8. The apparatus according to claim 7, wherein the precoding matrix module is further configured to average the plurality of downlink channel correlation matrices in the frequency domain and/or the time domain to obtain an averaged downlink statistical channel correlation matrix. Or, averaging multiple downlink channel covariance matrices in the frequency domain and/or the time domain to obtain an averaged downlink statistical channel covariance matrix.

The apparatus according to claim 6, 7 or 8, wherein the precoding matrix module is further configured to directly use the downlink statistical channel information as the uplink statistical channel information; or perform frequency band conversion on the downlink statistical channel information to obtain Upstream statistical channel information.
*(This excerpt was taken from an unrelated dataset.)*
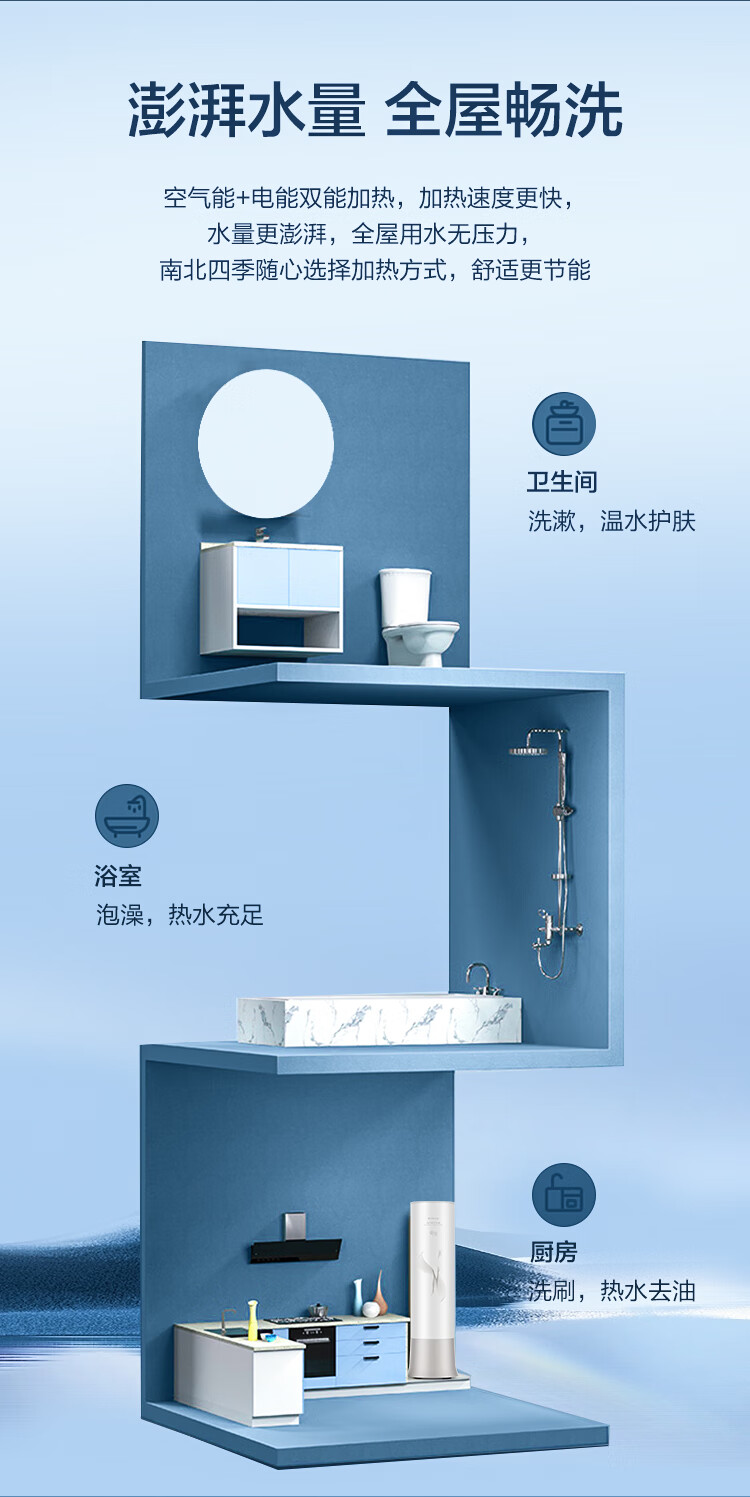 • 特色: WIFI智能,预约洗浴,双感温包控制

The apparatus according to claim 6, 7 or 8, wherein the precoding matrix module is further configured to perform eigenvalue decomposition on the uplink statistical channel correlation matrix to obtain a feature vector corresponding to the largest eigenvalue, the feature The vector is used as a precoding matrix; or, the eigenvalue decomposition is performed on the uplink statistical channel covariance matrix to obtain a eigenvector corresponding to the largest eigenvalue, and the eigenvector is used as a precoding matrix; or, according to the uplink statistical channel information, from the preset A codeword is selected as a precoding matrix in the codebook.